Someone drove out about 25' onto the ice at Nimi from the Main St. ramp before deciding it may not be a good idea to go farther.


----------



## randymcfishnsfun2 (Dec 24, 2014)

Wow! I bet someone's parents would've been real pissed off!


----------



## buckzye11 (Jul 16, 2009)

Not that it's a good idea... Or legal, but I think the ice would hold fine... Key word think
Once as a teen I was in a old bronco driven by a friends friend... He drove off the same spot and started doing donuts out by the point off the ramp... I was scared craplesss as well as the others in the truck... After 2 minutes of that he headed back in laughing at the fear he put in us. Beer+teens+ice=stupidity
I never got in that bronco again.


----------



## Whaler (Nov 16, 2004)

Back when I was a kid a guy landed a small single engine plane on Nimisila and was taxiing across to the west side of the lake. He never made it. I think he got out alright but all you could see of the plane was the tail sticking out of the ice.


----------



## Lewzer (Apr 5, 2004)

That whole area was pretty wet and slushy last weekend. They were lucky.
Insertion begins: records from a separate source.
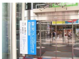
玄関前に出している案内看板
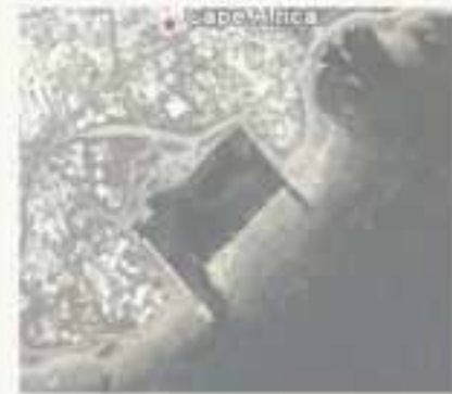
pl. I- Comparaison de la surface entre le port de Mahdiya (en bas) et celui supposé de Sousse (en haut) (Agnès Charpentier)
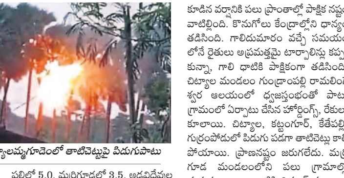
కట్టంగూర్ : ముఖ్యమంత్రిగౌడెంట్ తాటిచెట్టుపై పిడుగుపాటు
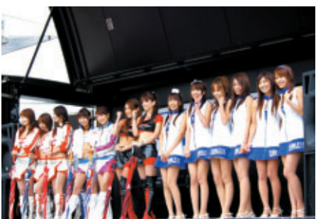
スーパー耐久ステージで華やかに開催された「キャンペーンガールオンステージ」
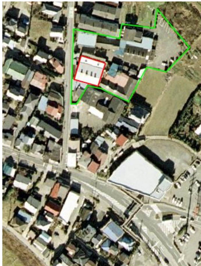
▲ 航空写真 (赤枠が賃貸物件)
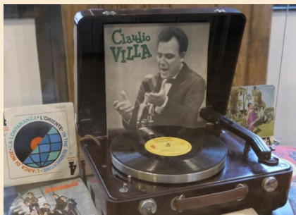
Expoziția „Electrecord. O poveste de succes”

Palatul Culturii - Muzeul Științei și Tehnicii „Ștefan Procopiu”
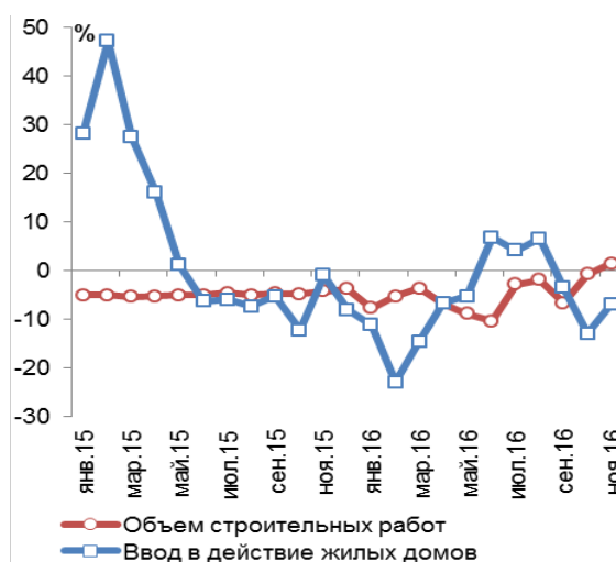
Ввод в действие жилых домов и объемы строительных работ в январе 2015 г. – ноябре 2016 г., в % к соотв. периоду пред. года
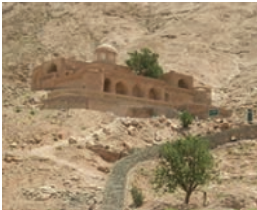
شکل ۳۷-۱۲- بوذرجمهر قاین
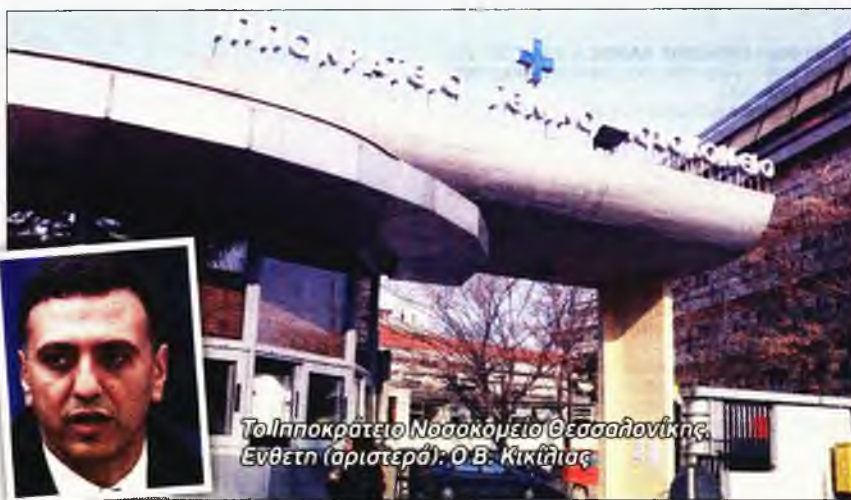
Το Ιπποκράτειο Νοσοκομείο Θεσσαλονίκης. Ενθετη (αριστερά): Ο Β. Κικίλιας

Ο ίδιος με επιστολή που απέστειλε στον υφυπουργό Υγείας Βασίλειο Κοντοζαμάνη ζητούσε την άμεση επιστροφή στο τμήμα ενός βιοπαθολόγου με μεγάλη εμπειρία στην ιστοσυμβατό-
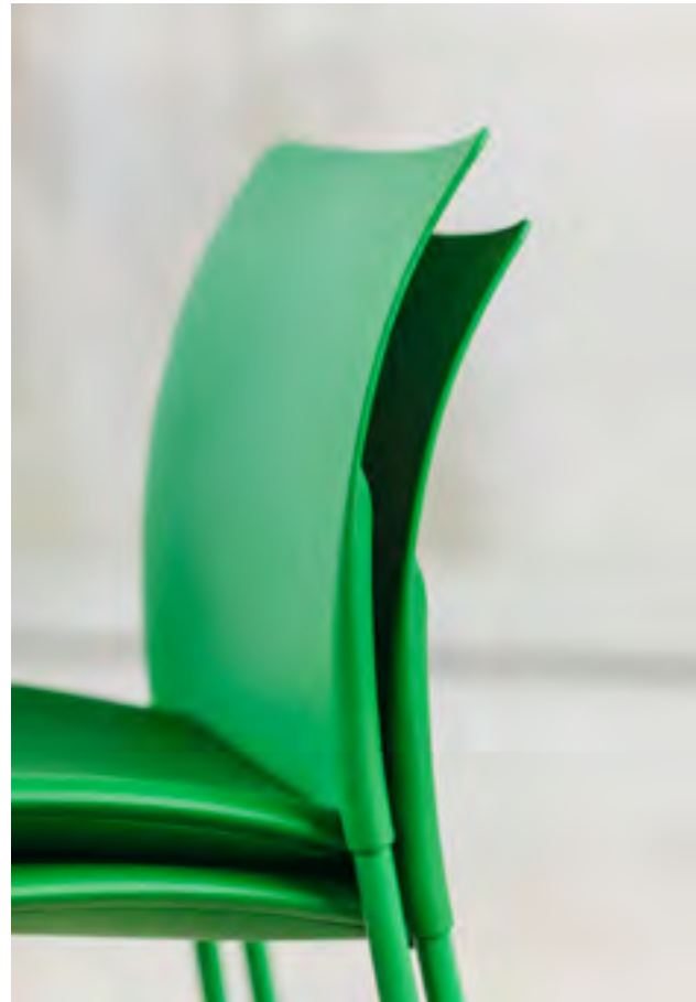
Global chair w/o arms (ref. 0601) in monochrome special color.

That airplane would have been a sight to see Whaler.


----------



## Ruminator (Apr 6, 2004)

Thanks for posting this nixmkt. 

I wouldn't have thought the ice to be that supportive after all of the warm ups we've had. 

Wow, that must've been quite a site seeing an airplane like that in Nimi.! 
Did you see it Whaler?


----------



## ztkaz (Sep 25, 2013)

Believe it or not the truck/car would have problem not falling through. The ice is a foot in most lakes which is enough to support the weight.


Sent from my iPhone using Ohub Campfire


----------



## vibe (Jan 12, 2011)

U got cordinates where that plane was?or did it not end up fish structure?&#128516;


----------



## Tightlines (Jun 29, 2012)

We were driving out on local lakes last winter but had 20" of ice!


----------